- [Stored data]:
------------------------------

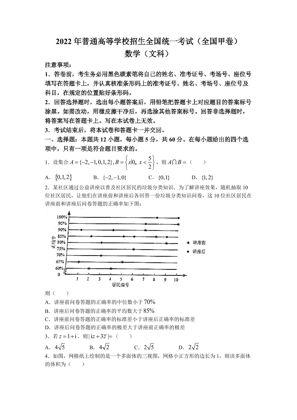 2022年高考全国甲卷-文科数学
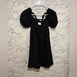 Princess Polly Black Puff Sleeve Mini Sundress Size 2
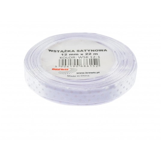 WSTĄŻKA BREWIS KROPKI 12MM 22M BIAŁE
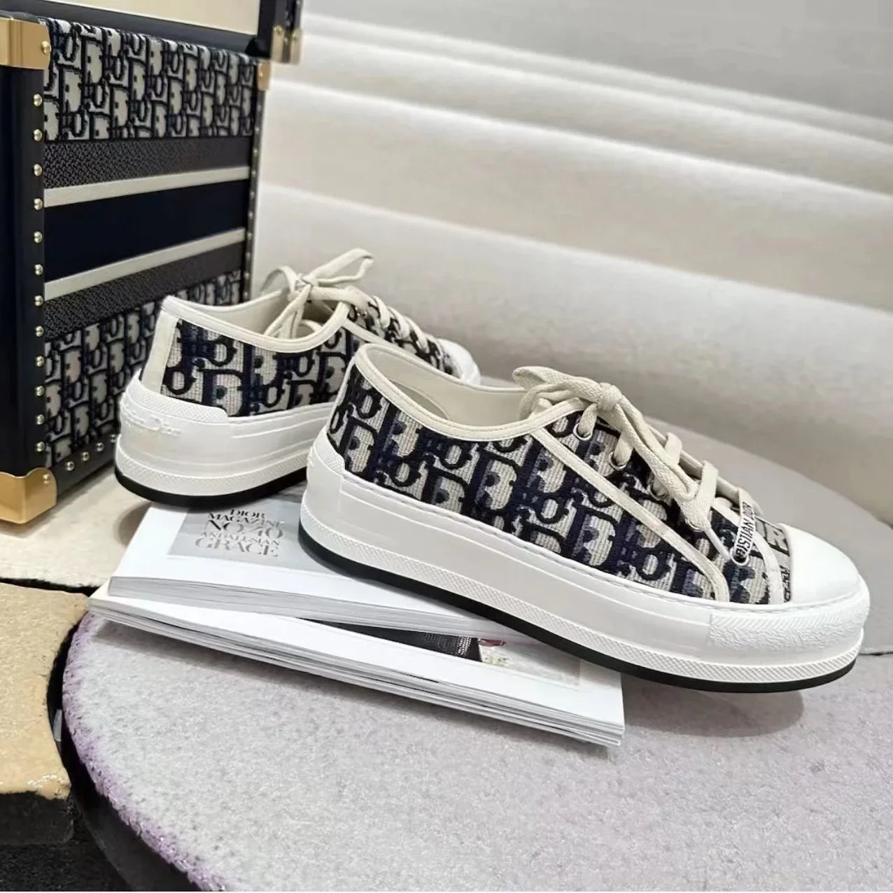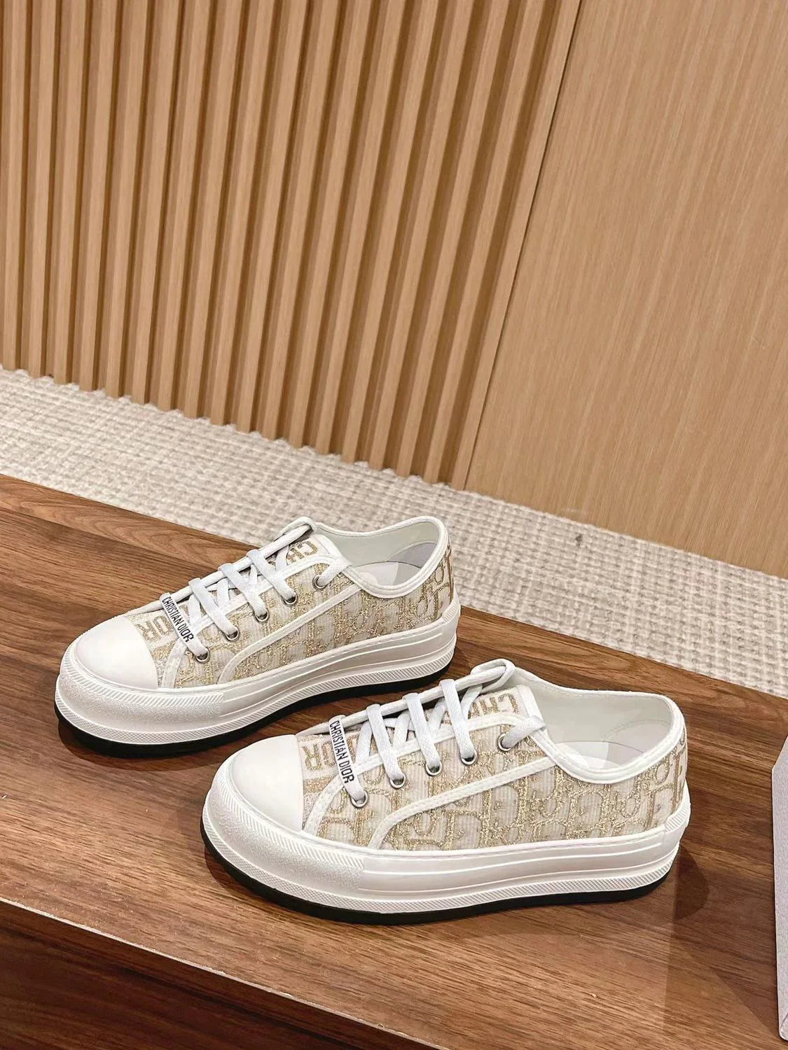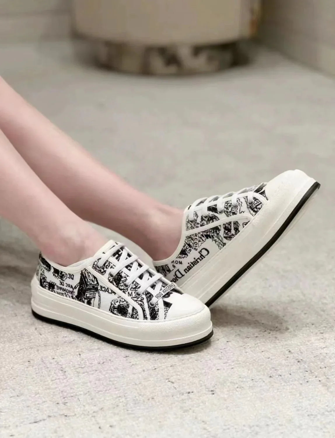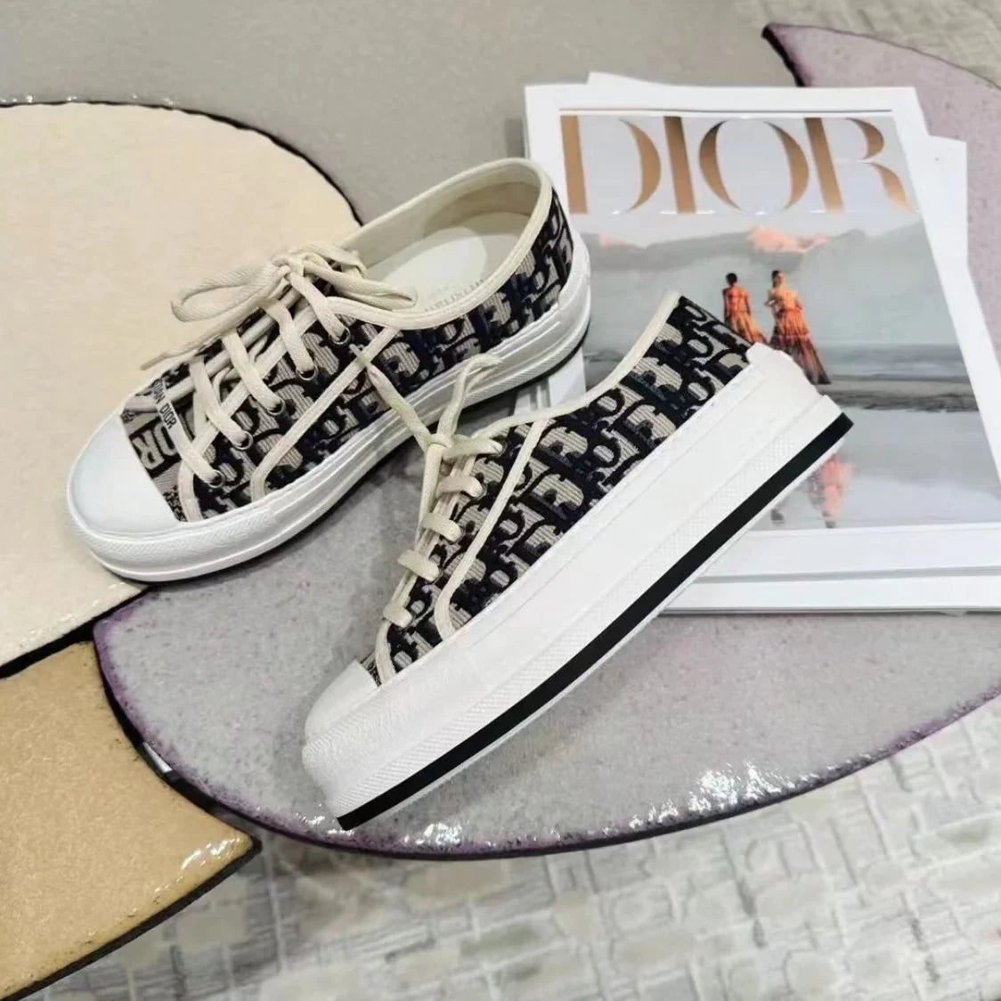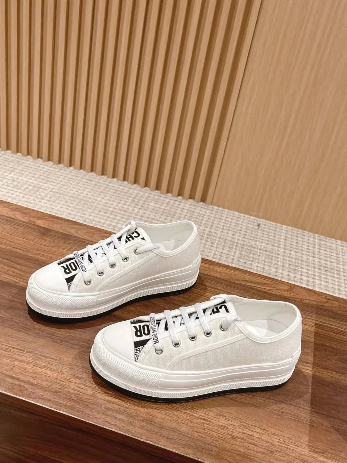 Embroidered Canvas New Genuine Leather Height Increased Thick-soled All-match Casual SneakersPD052412403

------------------------------

- [Exercise brief]:
Omitting all pictures, set the listing down exactly.

- [Written solution]:
 2022年高考全国甲卷-文科数学
 Princess Polly Black Puff Sleeve Mini Sundress Size 2
 WSTĄŻKA BREWIS KROPKI 12MM 22M BIAŁE
 Embroidered Canvas New Genuine Leather Height Increased Thick-soled All-match Casual SneakersPD052412403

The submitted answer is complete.